Another one was out-of-order execution. Let's use the recipe analogy again. Imagine a program is like a recipe. To make a cake, or whatever you want to cook, you follow steps and the end result is a cake. With an in-order execution processor, each step is followed in the order it appears in the recipe. But many people who cook know that not all steps have to be in order for the cake to come out right. Say the the steps are:
  1. In a bowl, mix the dry ingredients.
  2. In another bowl, mix the wet ingredients.
  3. Combine the wet and dry mixtures and mix thoroughly.
  4. Grease cake pan.
  5. Pour batter into greased cake pan.
  6. Preheat oven to 350 degrees.
  7. Bake for 20 minutes.
Looking at these steps, we can see some that must happen in a particular order. We could not pour the batter into the pan before we grease it. We can not bake the cake without heating the oven. But there are other steps which can be reordered. We could preheat the oven earlier in the recipe. We could grease the cake pan at any time before we pour the batter in. We could mix the wet ingredients before the dry as long as we did both before combining. The same is true of a program. It is possible to take instructions and reorder them and still end up with the correct result. This is called out-of-order execution and is done by all the processors except the UltraSPARC T1 and the yet-released Montecito. How this is done is a detailed discussion for another day.  
 
Next is instruction level parallelism. Instruction level parallelism, or ILP is a measure of how many instructions in a program can be run at the same time. Take the recipe above, I can find four steps (instructions) which could be done simultaneously assuming we had enough cooks, 1, 2, 4, and 6. That is pretty much it. It is a fairly simple concept with some big fancy wording.  
 
The last is EMT64. This one is really simple, EMT64 is just the name for Intel's version of AMD's 64-bit extension to the x86 architecture.

posted by kamundse Mar 30 2006, 03:02:48 PM PST Permalink Comments [4]
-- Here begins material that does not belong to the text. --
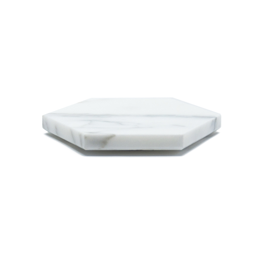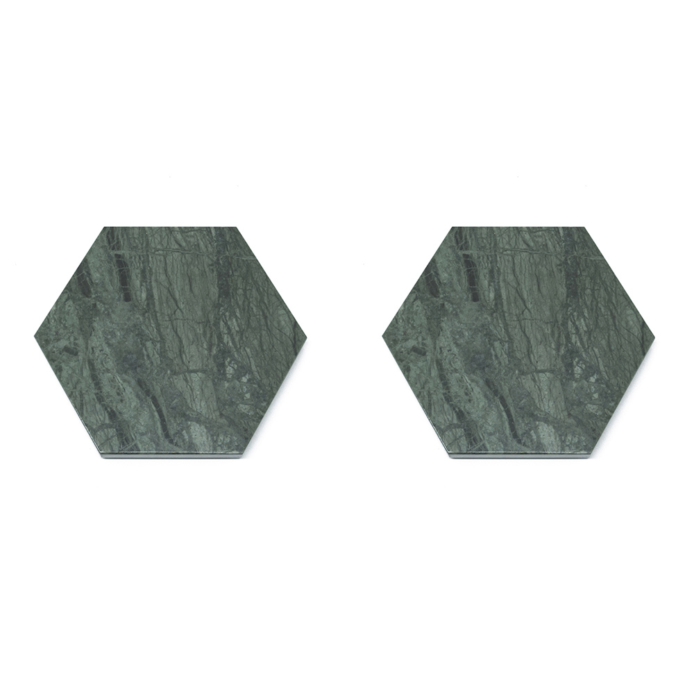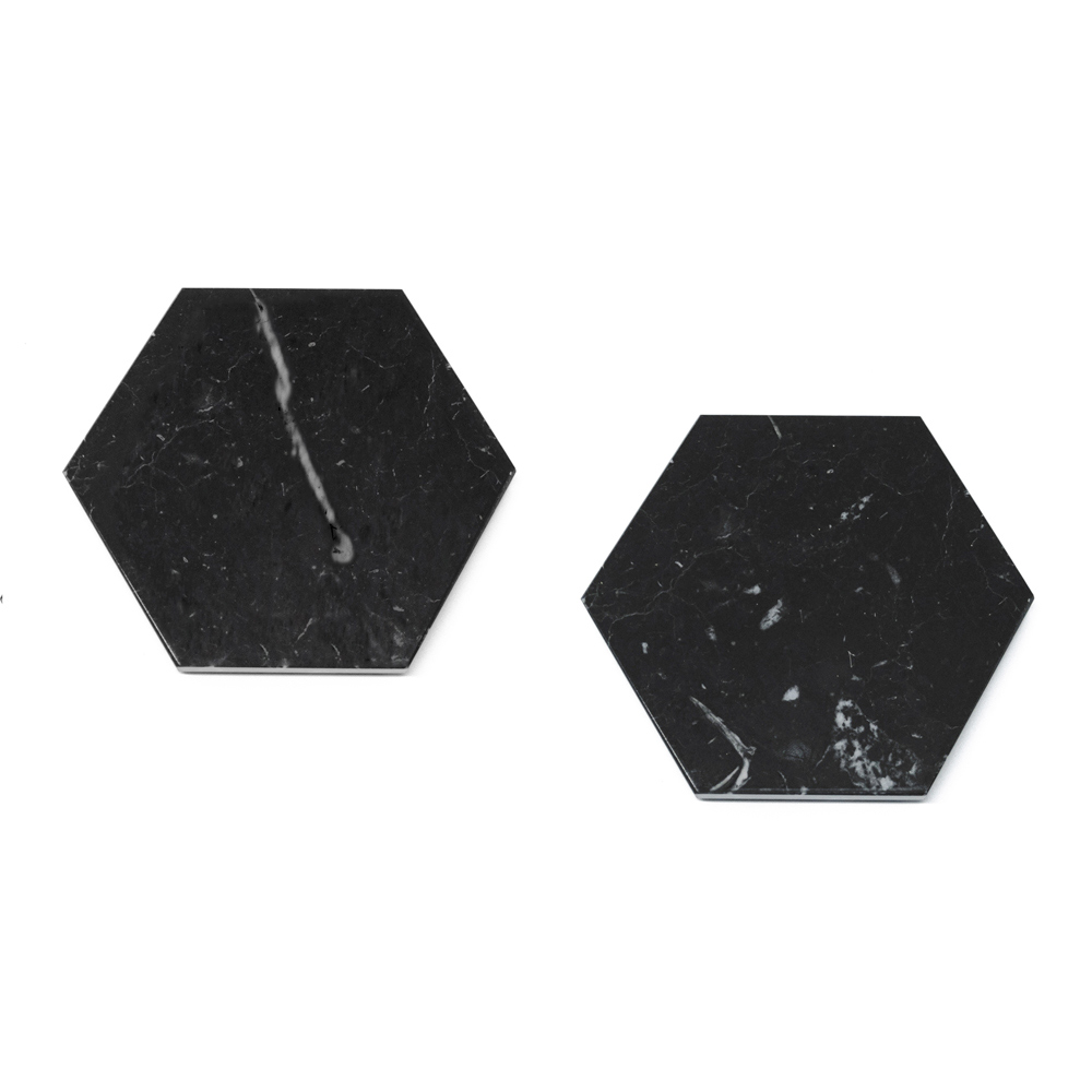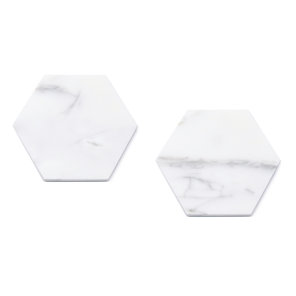 Diese Marmoruntersetzer sind ein Beispiel für funktionale Eleganz für das moderne Zuhause. In eine sechseckige Form geschnitten, ein geometrischer Genuss für die Augen, und mit den natürlichen und sich ständig verändernden Adern des Marmors verziert, sind diese Untersetzer nicht nur praktisch, sondern verleihen Ihrem Tisch auch einen Hauch von Eleganz .

20060327 Monday March 27, 2006
64-bit processors - Clocks, cores, and power usage
 
 
My original plan was to go processor by processor. My paper tries to cover all the major architectural features for each processor. In some places I was limited by information available but for most of the processors I was able to find all the same information. I want this to be understandable to people who are computer literate but are not architecure experts. As I started with the first processor, the Itanium 2, I realized I was writing a paragraph of explanation for every sentence. In the end I'd end up with five blog entries just for the Itanium 2 so I could explain what everything meant, and then rush through the rest. That didn't sound like what I wanted so instead I am going to pick one to a few architectural features and talk about all the processors.  
 
I will be using the text of my paper as I wrote it, but insert explanations and hyperlinks to explain what I am talking about. The explanations will be in a grey text, my paper is in normal black text. I'll be including a handful of my sources in each entry for those who are interested in more information.  
 
Itanium 2  
 
A cooperation between Intel and Hewlett-Packard lead to the release of the Itanium processor in 2001. The Itanium was intended to replace the x86 hardware and dominate the server and workstation markets. It was also not expected that AMD would be able to clone it. The second generation Itanium 2 was released in July 2002. Intel has since focused on a new Itanium processor, code named Montecito. HP sells Itanium 2 servers that range from single processor blades to 128 processor high-end servers. The Itanium's IA-64 architecture is completely different than the IA-32 architecture of the x86 family, though it provides backwards compatibility for 32-bit x86 applications. This paper will be focusing on the versions of the Itanium 2 after the first one (McKinley), code named Madison, Deerfield, and Fanwood. What does this mean? Hardware companies have working or code names for each processor they release. For a specific processor there may be several different versions with different features. For the Itanium 2, Intel had four different versions starting with McKinley. I have found the code name is the most convenient way to reference different versions of the same processor so expect to see them used heavily in this paper.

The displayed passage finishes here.